__Aim of the exercise__: Restate all the data word for word and omit the pictures.

__Excerpts from a dataset__:
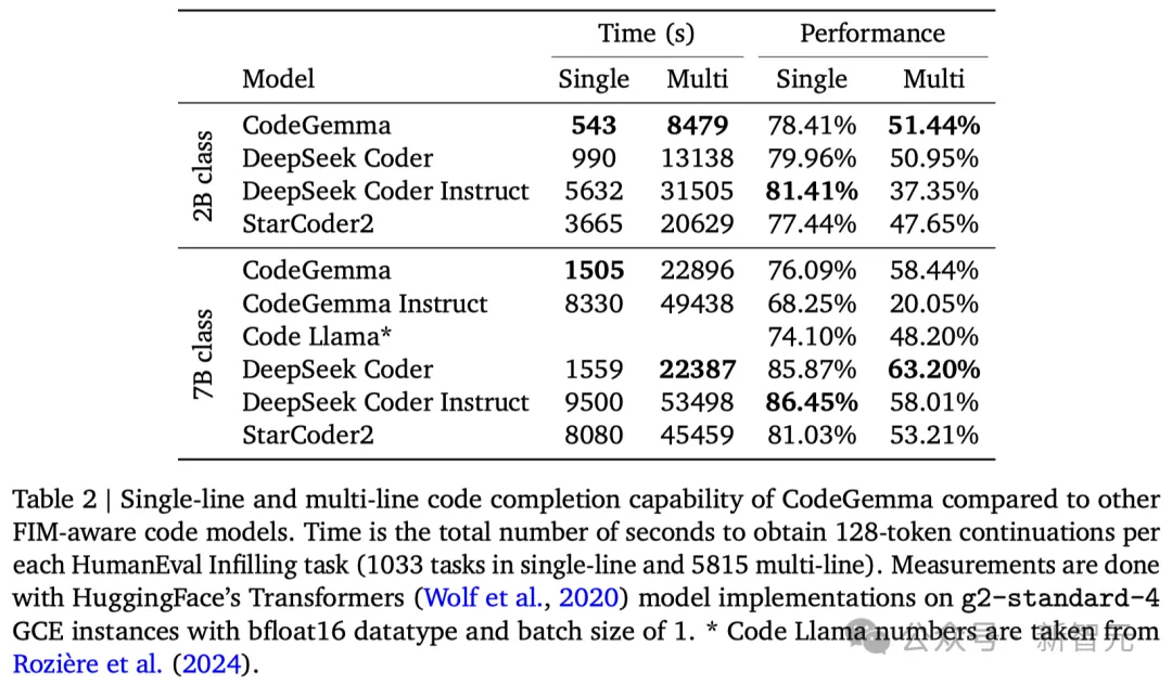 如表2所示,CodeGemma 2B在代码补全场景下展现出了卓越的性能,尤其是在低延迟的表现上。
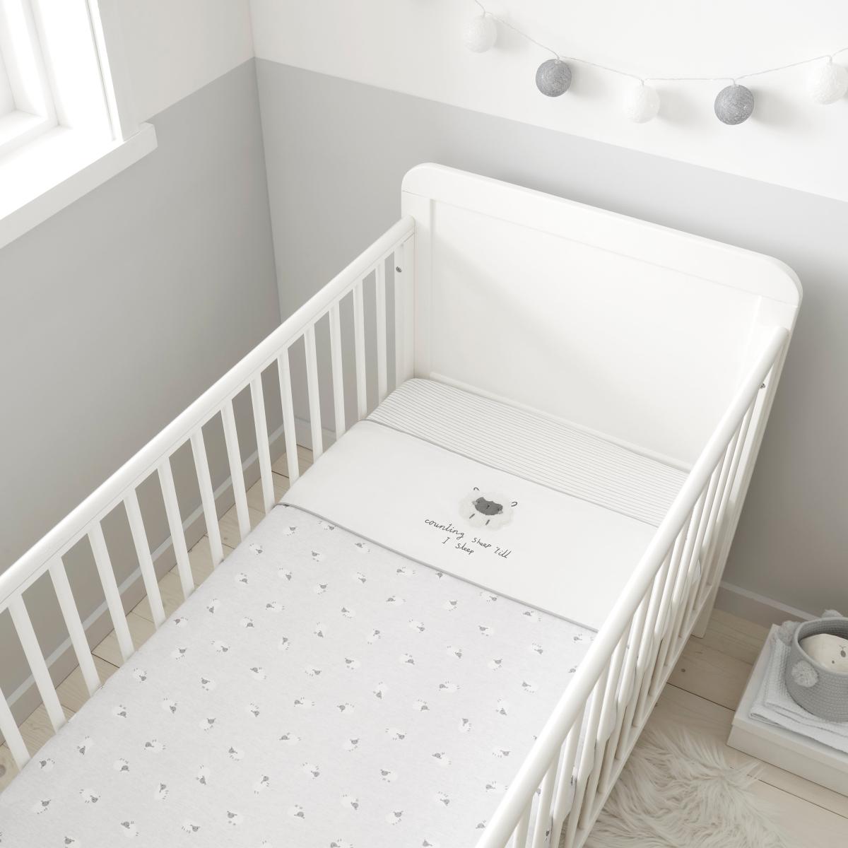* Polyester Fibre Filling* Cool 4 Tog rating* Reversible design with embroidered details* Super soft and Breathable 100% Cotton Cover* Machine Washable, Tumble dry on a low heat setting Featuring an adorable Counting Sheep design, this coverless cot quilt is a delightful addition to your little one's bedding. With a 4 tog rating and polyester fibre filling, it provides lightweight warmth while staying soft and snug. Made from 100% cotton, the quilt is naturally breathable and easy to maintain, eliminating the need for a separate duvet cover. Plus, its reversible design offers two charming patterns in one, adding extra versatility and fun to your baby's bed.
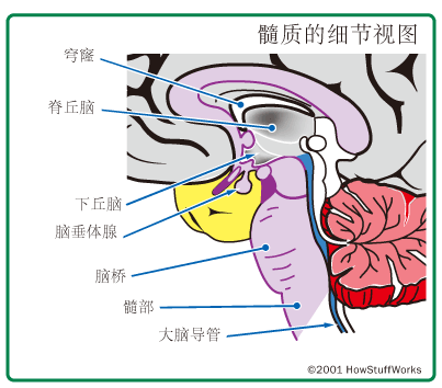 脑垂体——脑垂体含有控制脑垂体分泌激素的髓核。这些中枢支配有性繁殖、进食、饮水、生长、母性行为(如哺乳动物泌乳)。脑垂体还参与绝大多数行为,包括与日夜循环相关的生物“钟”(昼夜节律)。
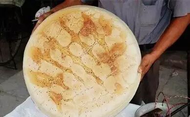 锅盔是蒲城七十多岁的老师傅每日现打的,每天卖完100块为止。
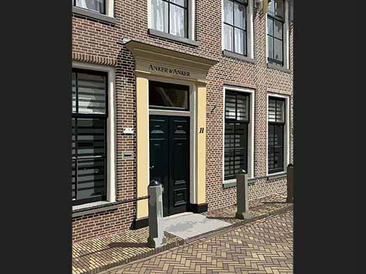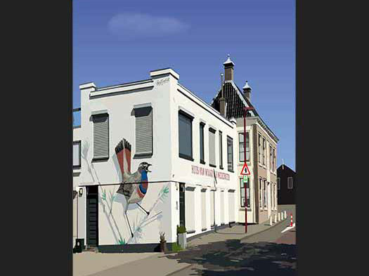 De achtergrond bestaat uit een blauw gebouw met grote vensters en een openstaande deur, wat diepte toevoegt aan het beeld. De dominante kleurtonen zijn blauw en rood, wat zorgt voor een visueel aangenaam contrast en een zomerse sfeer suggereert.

__Task solution__:
 如表2所示,CodeGemma 2B在代码补全场景下展现出了卓越的性能,尤其是在低延迟的表现上。
* Polyester Fibre Filling* Cool 4 Tog rating* Reversible design with embroidered details* Super soft and Breathable 100% Cotton Cover* Machine Washable, Tumble dry on a low heat setting Featuring an adorable Counting Sheep design, this coverless cot quilt is a delightful addition to your little one's bedding. With a 4 tog rating and polyester fibre filling, it provides lightweight warmth while staying soft and snug. Made from 100% cotton, the quilt is naturally breathable and easy to maintain, eliminating the need for a separate duvet cover. Plus, its reversible design offers two charming patterns in one, adding extra versatility and fun to your baby's bed.
 脑垂体——脑垂体含有控制脑垂体分泌激素的髓核。这些中枢支配有性繁殖、进食、饮水、生长、母性行为(如哺乳动物泌乳)。脑垂体还参与绝大多数行为,包括与日夜循环相关的生物“钟”(昼夜节律)。
 锅盔是蒲城七十多岁的老师傅每日现打的,每天卖完100块为止。
 De achtergrond bestaat uit een blauw gebouw met grote vensters en een openstaande deur, wat diepte toevoegt aan het beeld. De dominante kleurtonen zijn blauw en rood, wat zorgt voor een visueel aangenaam contrast en een zomerse sfeer suggereert.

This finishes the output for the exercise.